Les faits dans le monde

–  Quelques pays abandonnent l’énergie nucléaire mais ce n’est pas le cas actuellement des pays qui en ont l’expertise.

–  L’énergie nucléaire fournit cinq pour cent de l’énergie totale. Une augmentation importante de ce pourcentage n’est pas envisagée avant le possible développement des surgénérateurs vers 2050.

–  Les énergies éolienne et solaire sont en plein essor et leur potentiel élevé dans la plupart des pays.

–  De récentes études (notamment de l’AIE) montrent qu’il est possible au milieu du siècle de satisfaire la demande d’énergie avec 80% de Renouvelables.

Les faits en France

–  58 réacteurs fournissent près de 450 Twh/an (30% de l’énergie totale), 50 Twh sont exportés.

–  L’importance du risque nucléaire est très controversée mais il y a un certain consensus pour estimer entre 20 et 30 ans la durée d’une sortie éventuelle du nucléaire.

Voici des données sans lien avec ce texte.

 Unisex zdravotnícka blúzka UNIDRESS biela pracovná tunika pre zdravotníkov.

–  On envisage généralement une stabilité de l’utilisation globale d’énergie mais une augmentation d’environ un pour cent par an de la part de l’électricité.

–  Le potentiel de l’énergie éolienne est élevé mais son développement plus lent que dans les pays voisins, le coût du solaire est élevé. Les énergies marines sont prometteuses mais peu étudiées.

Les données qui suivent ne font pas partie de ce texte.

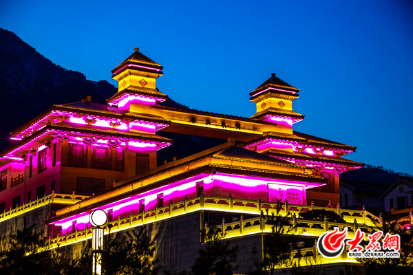 圖為泰山東街一角,雕刻的巨龍在燈光的照射下栩栩如生。
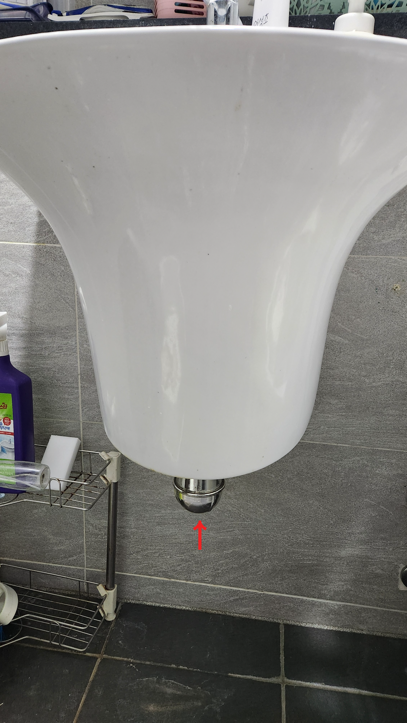 내부 고무패킹이 헐거워진 세면대 배수관이 축 처져 내려와 있습니다.
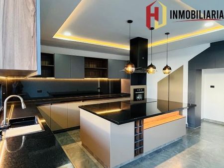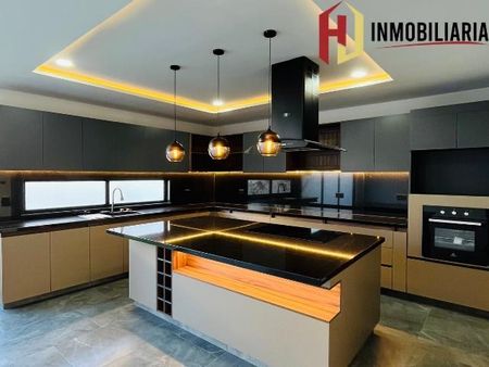 - Cocina equipada con isla con cubierta de granito, parrilla eléctrica, campana, torre de hornos y tarja moderna
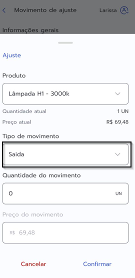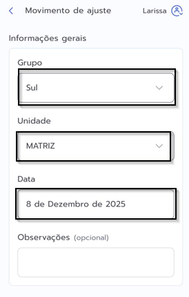 Em Movimento de ajustes é possível realizar entrada ou saída de produtos da unidade selecionada, dessa forma a quantidade disponível em estoque é atualizada.
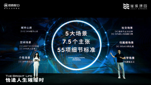 发布会上,招商蛇口产品管理部设计总监祝坚飞先生以现场连线形式为大家分享了璀璨系的设计理念和诞生故事。他表示,过去两年,总部针对全国主要城市大量青年改善客户样本进行了深入的研究,为璀璨系总结出“5大场景、7.5个主张、55项细节标准”。
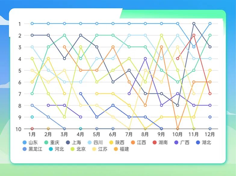 梳理2025年度生态环境政务微博排名情况,有14个省份曾位列前十。山东除11月之外,全年稳居榜首,体现出账号持续的影响力。上海、重庆、四川等地凭借出色的政务宣传工作收获广泛关注,其中上海在11月成功登顶。北京、江苏、陕西、广西、江西名次虽有波动,但表现较为稳健。

Evaluation du coût de 2 alternatives envisagées

1) Réduction de 450 à 300 Twh/an de l’énergie nucléaire d’ici 2025

La part du nucléaire baisse ainsi de 30 à 20% de l’énergie totale ; ce pourcentage reste plus élevé que dans tout autre pays.

Le surcoût lié au remplacement de 150 Twh de nucléaire à 4 cents/Kwh peut s’estimer en fonction d’une  répartition vraisemblable, telle que :

–   30 Twh de turbines à gaz, pour un surcoût voisin de 1 milliard d’euros, prix du gaz importé.

–   60 Twh d’éolien terrestre pour un surcoût de 4 cents/Kwh proche de 2,5 milliards (la densité d’éoliennes reste alors inférieure à celle de l’Allemagne ou de l’Espagne).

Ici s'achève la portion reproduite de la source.